[Opening Supplied material section]

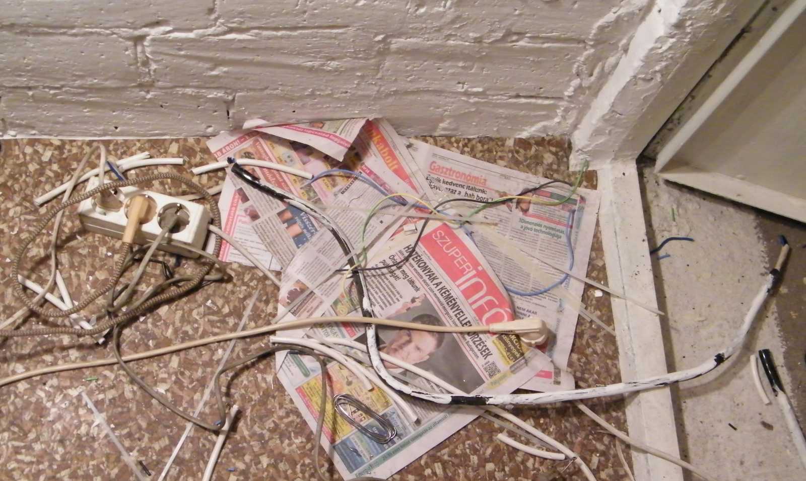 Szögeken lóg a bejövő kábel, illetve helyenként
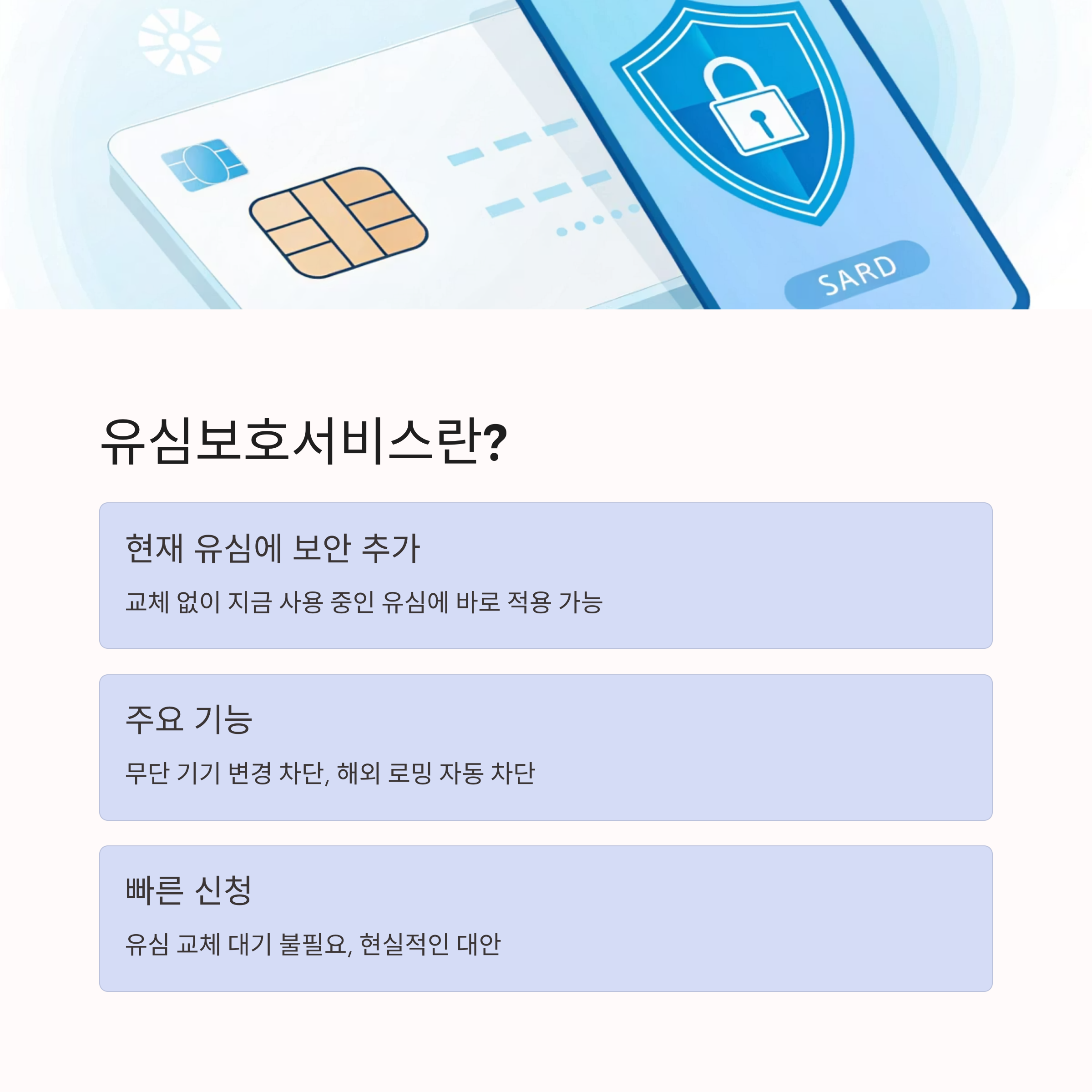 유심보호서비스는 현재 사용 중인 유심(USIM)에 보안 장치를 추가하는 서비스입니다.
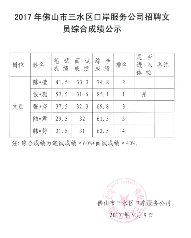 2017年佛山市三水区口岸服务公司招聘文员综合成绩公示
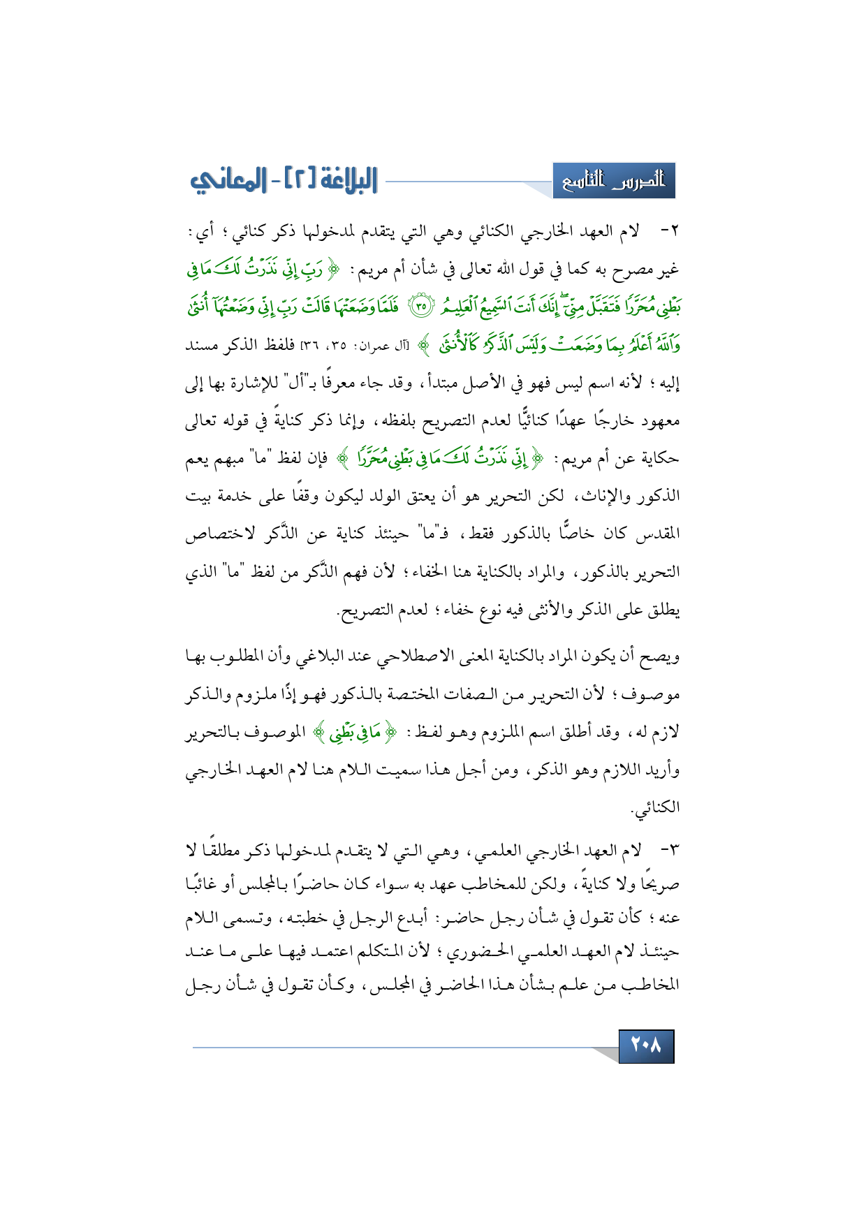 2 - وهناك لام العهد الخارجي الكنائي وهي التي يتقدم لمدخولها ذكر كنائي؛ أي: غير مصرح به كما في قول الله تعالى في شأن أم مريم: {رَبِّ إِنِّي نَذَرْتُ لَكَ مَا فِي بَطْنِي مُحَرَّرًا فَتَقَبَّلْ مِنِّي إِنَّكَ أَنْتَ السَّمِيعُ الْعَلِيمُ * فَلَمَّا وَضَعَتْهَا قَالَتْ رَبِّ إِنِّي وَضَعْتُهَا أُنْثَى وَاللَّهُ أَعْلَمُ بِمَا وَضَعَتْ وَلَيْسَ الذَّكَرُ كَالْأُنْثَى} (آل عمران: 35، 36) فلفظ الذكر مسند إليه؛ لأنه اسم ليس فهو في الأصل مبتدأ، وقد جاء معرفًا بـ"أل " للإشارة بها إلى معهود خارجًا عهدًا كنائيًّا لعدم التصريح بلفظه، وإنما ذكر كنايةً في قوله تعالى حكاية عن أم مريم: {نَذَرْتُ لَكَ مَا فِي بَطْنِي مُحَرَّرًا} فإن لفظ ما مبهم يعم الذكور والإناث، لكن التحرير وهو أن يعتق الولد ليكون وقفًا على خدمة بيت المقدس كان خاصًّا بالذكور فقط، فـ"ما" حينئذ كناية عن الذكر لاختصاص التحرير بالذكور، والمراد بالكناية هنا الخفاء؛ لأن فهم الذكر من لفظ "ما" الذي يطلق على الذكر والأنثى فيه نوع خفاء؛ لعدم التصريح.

[Closing Supplied material section]
[Opening Supplied material section]

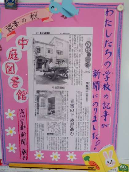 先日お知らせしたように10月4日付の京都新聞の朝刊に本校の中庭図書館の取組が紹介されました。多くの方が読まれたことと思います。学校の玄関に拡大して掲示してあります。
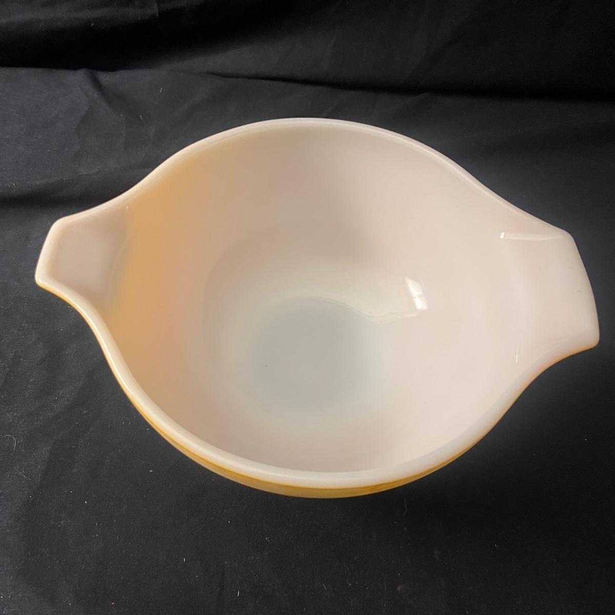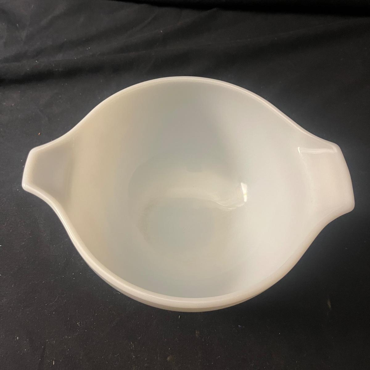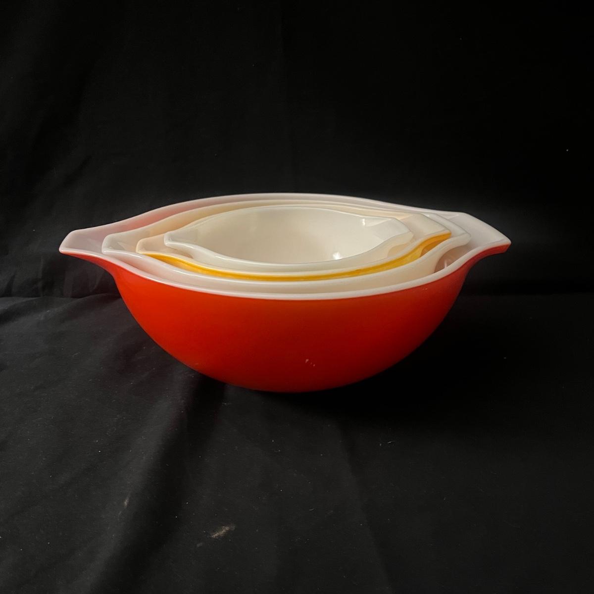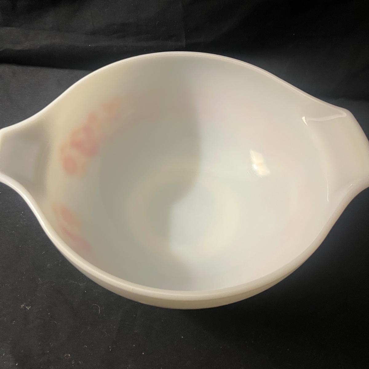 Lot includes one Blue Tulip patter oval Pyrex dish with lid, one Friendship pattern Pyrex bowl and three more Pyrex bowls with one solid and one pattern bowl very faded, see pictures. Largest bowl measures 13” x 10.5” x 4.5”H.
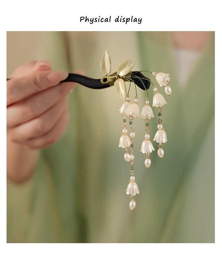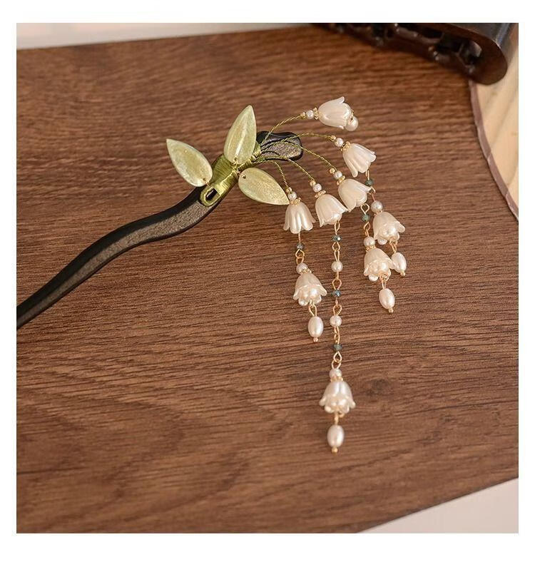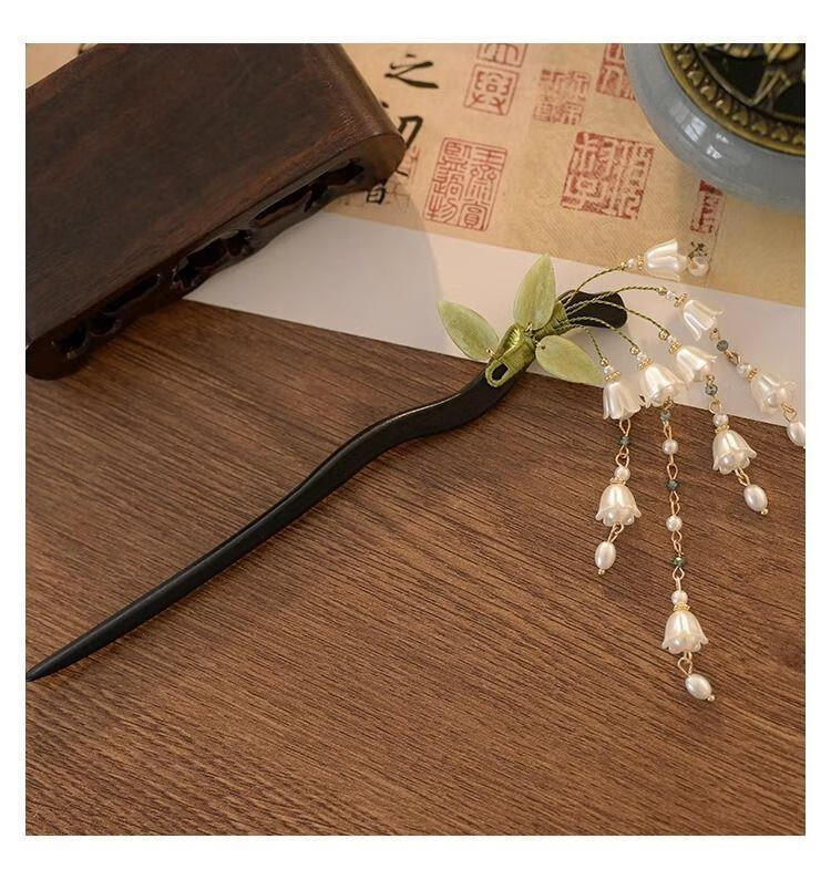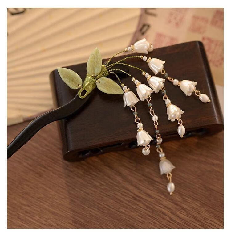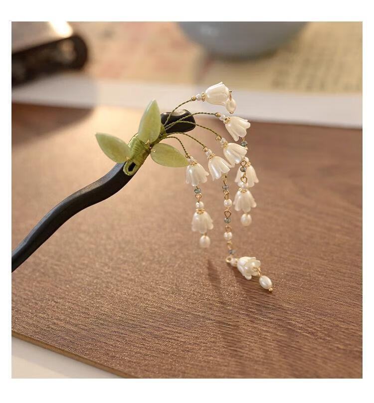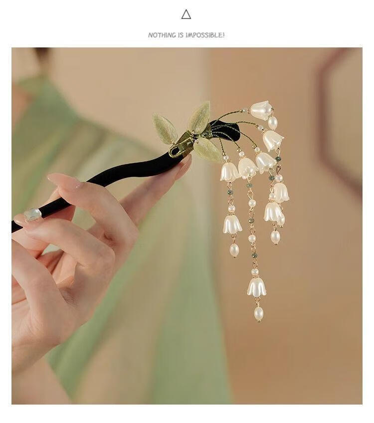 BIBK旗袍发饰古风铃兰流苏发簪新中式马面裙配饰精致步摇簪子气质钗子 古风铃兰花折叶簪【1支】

[Closing Supplied material section]

**Work to complete:** The reply should hold exactly the lines above, starting at the line with "유심보호서비스는 현재 사용" and ending at the line with "2 - وهناك لام", and no pictures.

**Answer section:**
 유심보호서비스는 현재 사용 중인 유심(USIM)에 보안 장치를 추가하는 서비스입니다.
 2017年佛山市三水区口岸服务公司招聘文员综合成绩公示
 2 - وهناك لام العهد الخارجي الكنائي وهي التي يتقدم لمدخولها ذكر كنائي؛ أي: غير مصرح به كما في قول الله تعالى في شأن أم مريم: {رَبِّ إِنِّي نَذَرْتُ لَكَ مَا فِي بَطْنِي مُحَرَّرًا فَتَقَبَّلْ مِنِّي إِنَّكَ أَنْتَ السَّمِيعُ الْعَلِيمُ * فَلَمَّا وَضَعَتْهَا قَالَتْ رَبِّ إِنِّي وَضَعْتُهَا أُنْثَى وَاللَّهُ أَعْلَمُ بِمَا وَضَعَتْ وَلَيْسَ الذَّكَرُ كَالْأُنْثَى} (آل عمران: 35، 36) فلفظ الذكر مسند إليه؛ لأنه اسم ليس فهو في الأصل مبتدأ، وقد جاء معرفًا بـ"أل " للإشارة بها إلى معهود خارجًا عهدًا كنائيًّا لعدم التصريح بلفظه، وإنما ذكر كنايةً في قوله تعالى حكاية عن أم مريم: {نَذَرْتُ لَكَ مَا فِي بَطْنِي مُحَرَّرًا} فإن لفظ ما مبهم يعم الذكور والإناث، لكن التحرير وهو أن يعتق الولد ليكون وقفًا على خدمة بيت المقدس كان خاصًّا بالذكور فقط، فـ"ما" حينئذ كناية عن الذكر لاختصاص التحرير بالذكور، والمراد بالكناية هنا الخفاء؛ لأن فهم الذكر من لفظ "ما" الذي يطلق على الذكر والأنثى فيه نوع خفاء؛ لعدم التصريح.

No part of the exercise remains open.